The celebrated Earl of Essex, in one of the misunderstandings between him, and Queen Elizabeth, having given her a more than common cause of offence, and wishing in a particular manner to soothe her resentment, wrote to her in much the same terms as those abovementioned. He gave the Queen, as we find in Camden, explicit thanks for the corrections she had inflicted upon him, and kissed (to use his words, as recited by the above Author) and ‘kissed her Majesty’s Royal Hand, and the rod which had chastised him.’ Not that I propose, however, by quoting the above expressions of the Earl, positively to affirm that they were meant to allude to any express corrections of the kind mentioned in this Book, which his Royal Mistress had at any time used to inflict upon him, or the other persons in her service; but yet, when we, on the one hand, attend to the invariable corruption, profligacy, shamelessness, wickedness, and perverseness of Ministers, ever since the beginning of the world, and on the other, consider to what degree those employed by the Princess we speak of, proved just, and zealous for the public good, we cannot help thinking that that great and magnanimous Queen had found out some very peculiar method of rendering them such[113].

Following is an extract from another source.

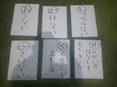 校長からは、「校長先生との3つの約束」をしっかり守ることが「史上最高のや・つ・が・た・け」のめあてにつながると話しました。
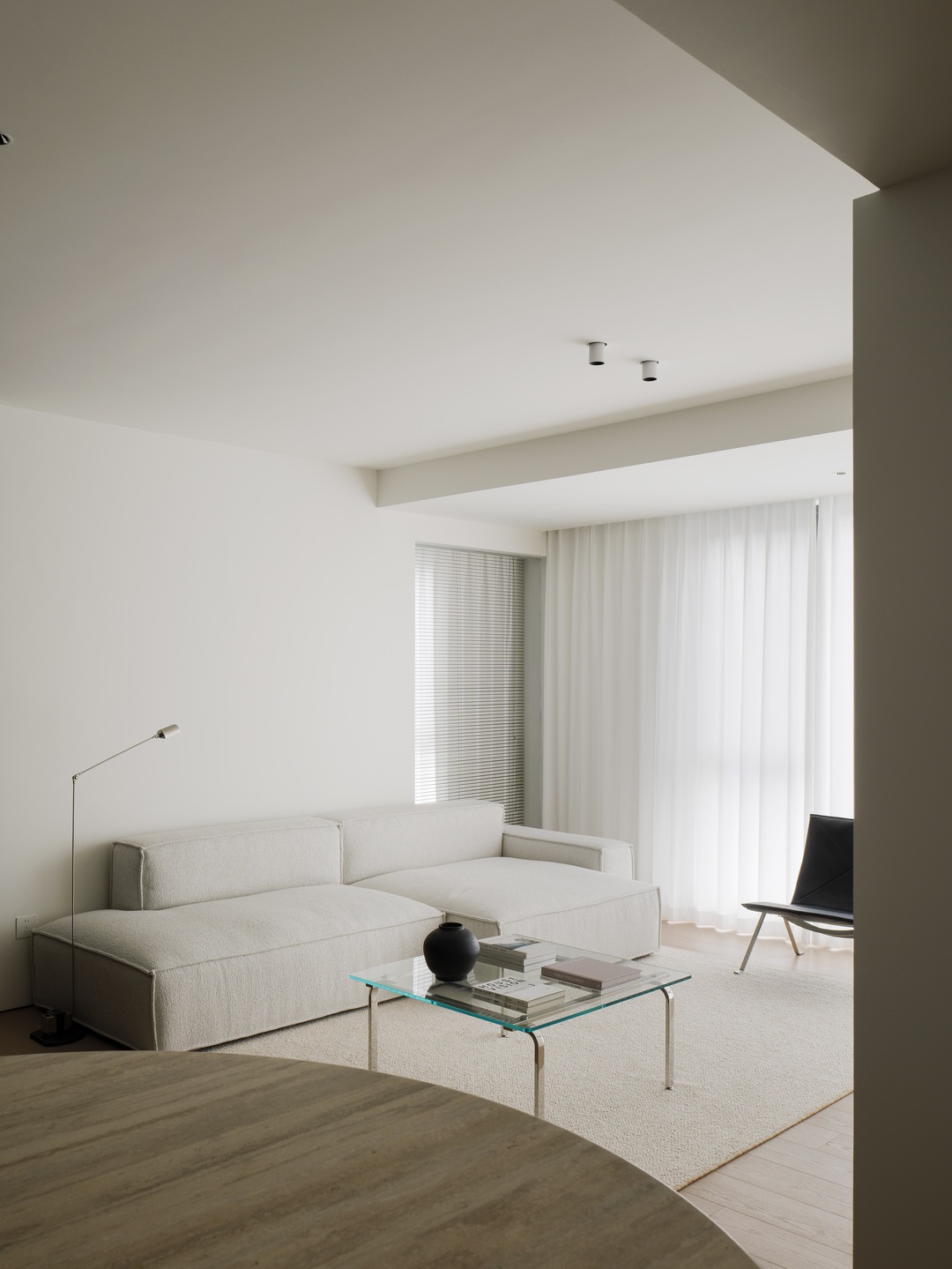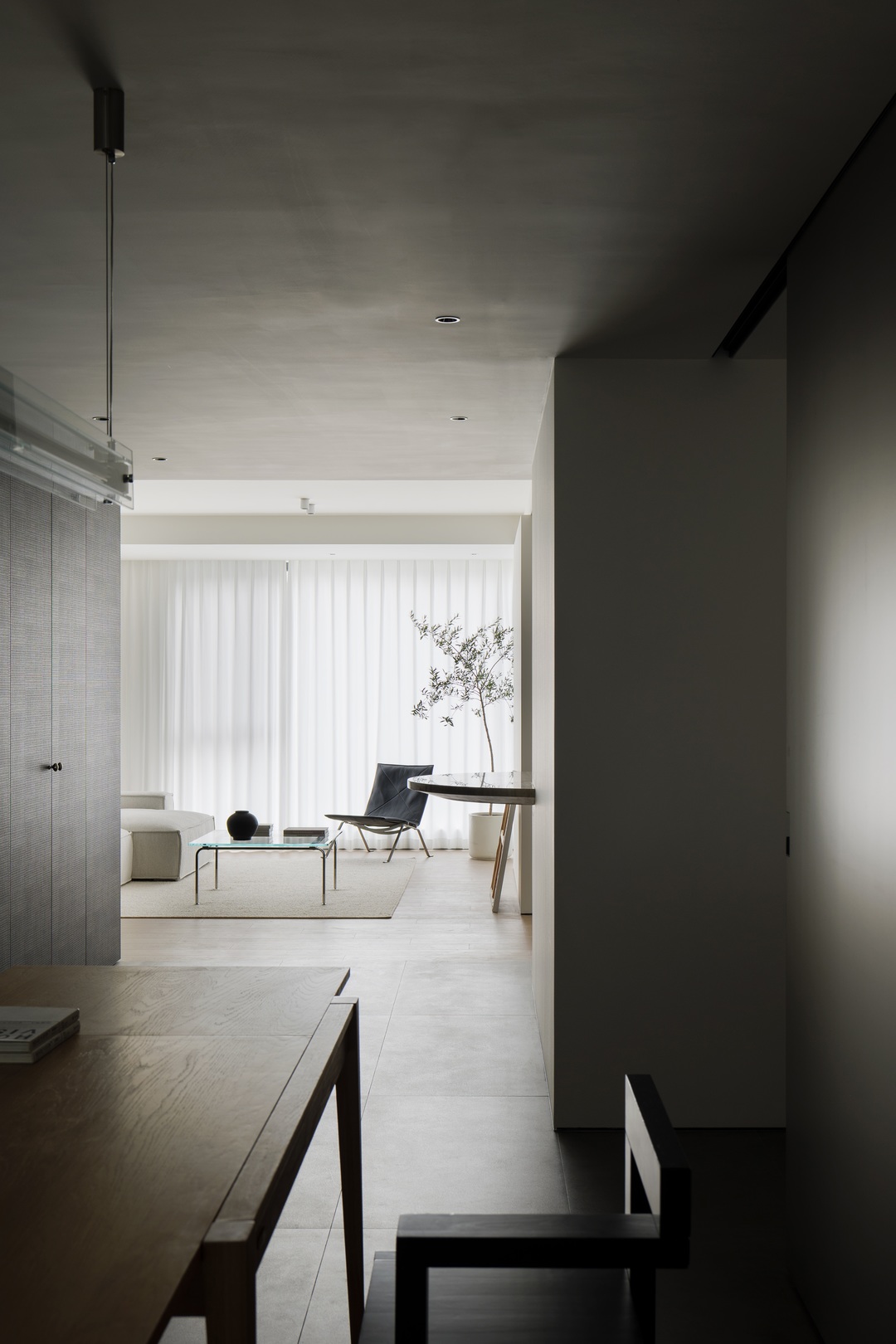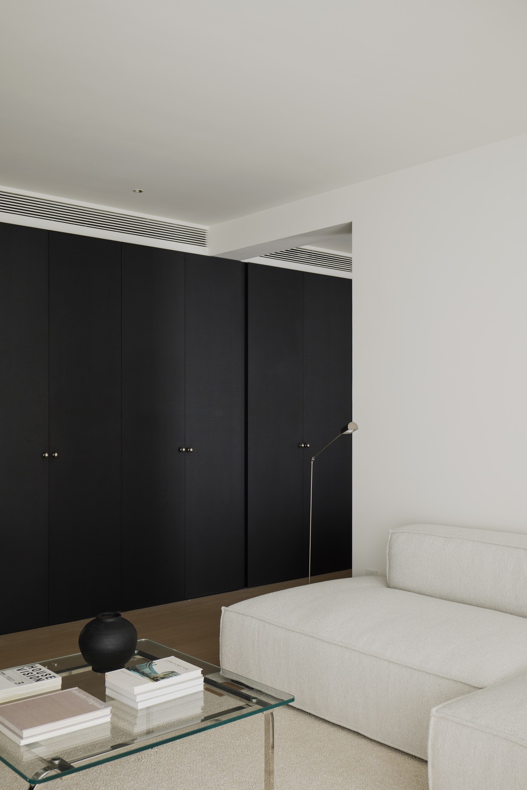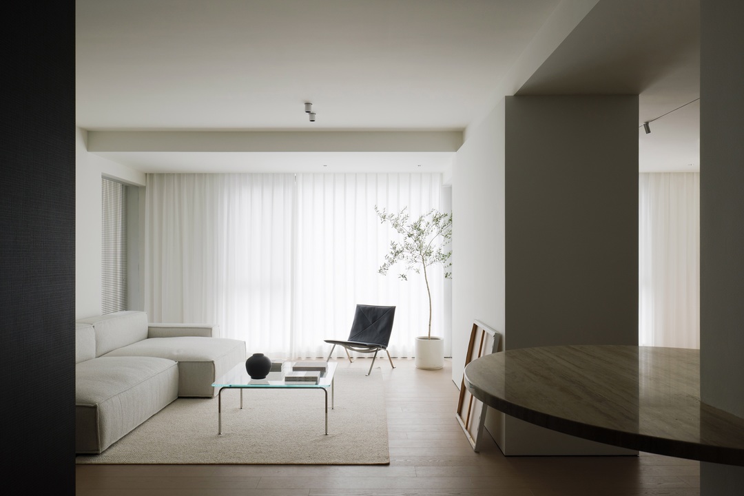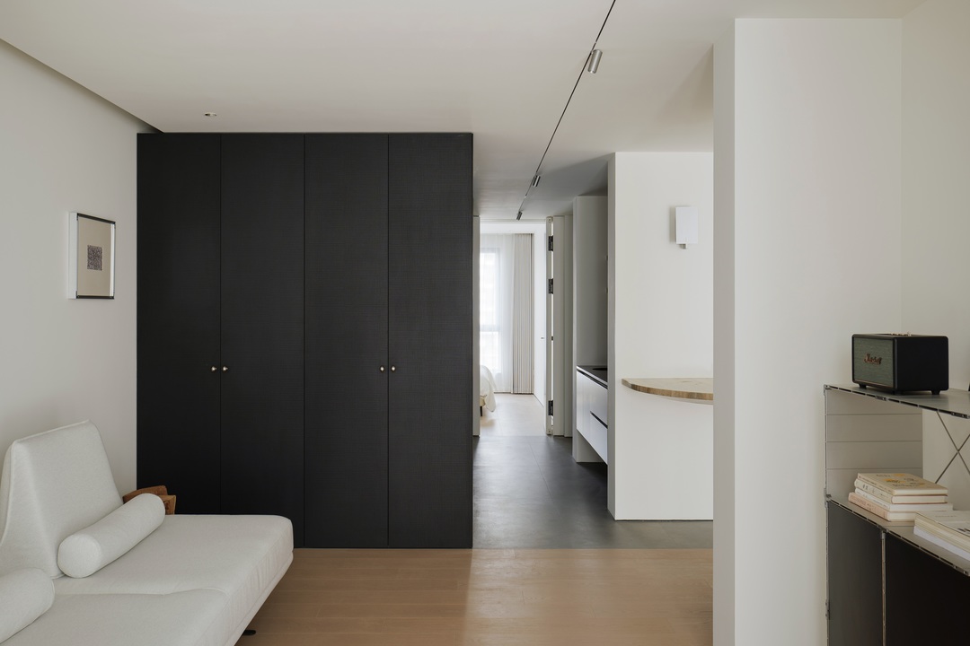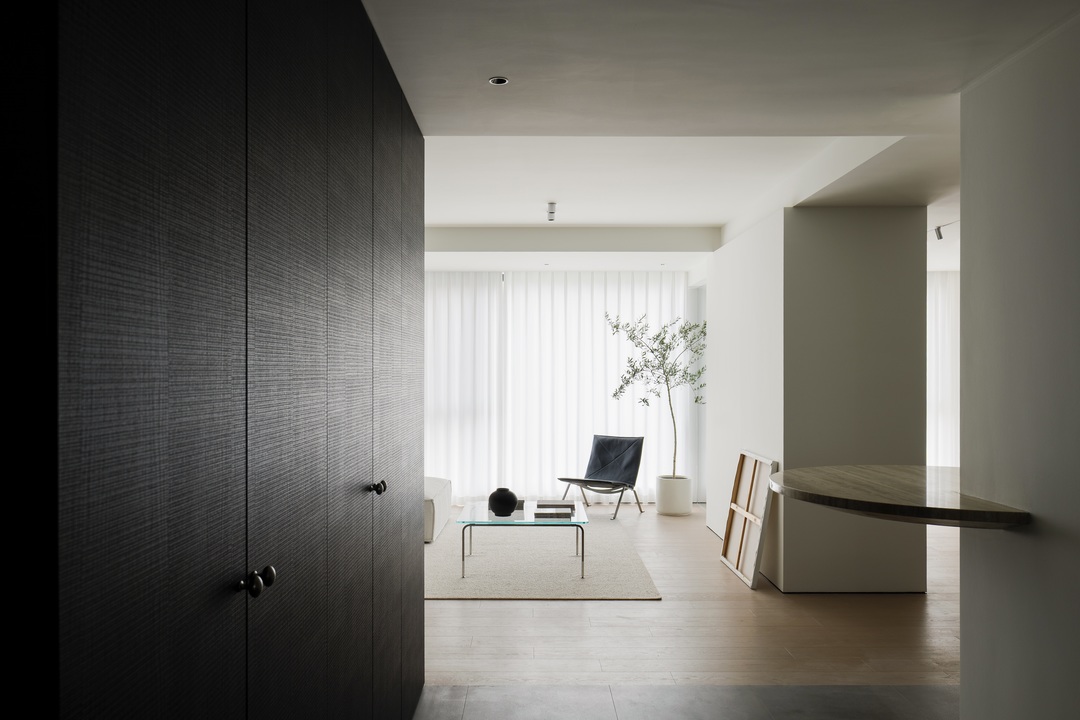 从入户开始,一处 L 型盒体成为空间收纳的 “纽带”,将入户、客厅到卧室的储物需求无缝整合,让各区域收纳既独立又连贯。

[112] The abovementioned Lord Munson had sat as one of the Judges at the King’s Trial: he lived at St. Edmundsbury, when his Wife, with the assistance of her Maids, served him with a flagellation. An allusion to the same fact is also made in a song which is to be found in the Collection of Loyal Songs. The thanks her Ladyship received from the Sessions Court, were owing to its being generally suspected the Noble Lord had altered his political principles; for which his Wife had chastised him.

It really seems that a kind of flagellating fanaticism had taken place, in those days, in this Country, similar in many respects to that which arose in the times of Cardinal Damian and Dominic the Cuirassed: there was this difference however, that it had for its object to flagellate, not one’s-self, but others; which was the wiser folly of the two. The thanks publicly decreed to Lady Munson (not to mention several puritanical publications of those days) are proofs of that flagellating spirit we mention; as well as the correction inflicted by Zachary Crofton upon his servant maid (see [p. 238]), and the pamphlet he wrote in defence of it; which was very likely grounded on certain religious tenets concerning the mortification of the flesh, &c. that were current in those times.

[113] It came out, in a certain late debate in the House of Commons (June 1783) that, among the expences in the office of a prime Minister, about a year before out of place, there was an article (introduced among the Stationary ware) of three hundred and forty pounds for whip-cord, for one year. It is very probably since the days of Queen Elizabeth, that this kind of commodity has been made part of the national expenditure.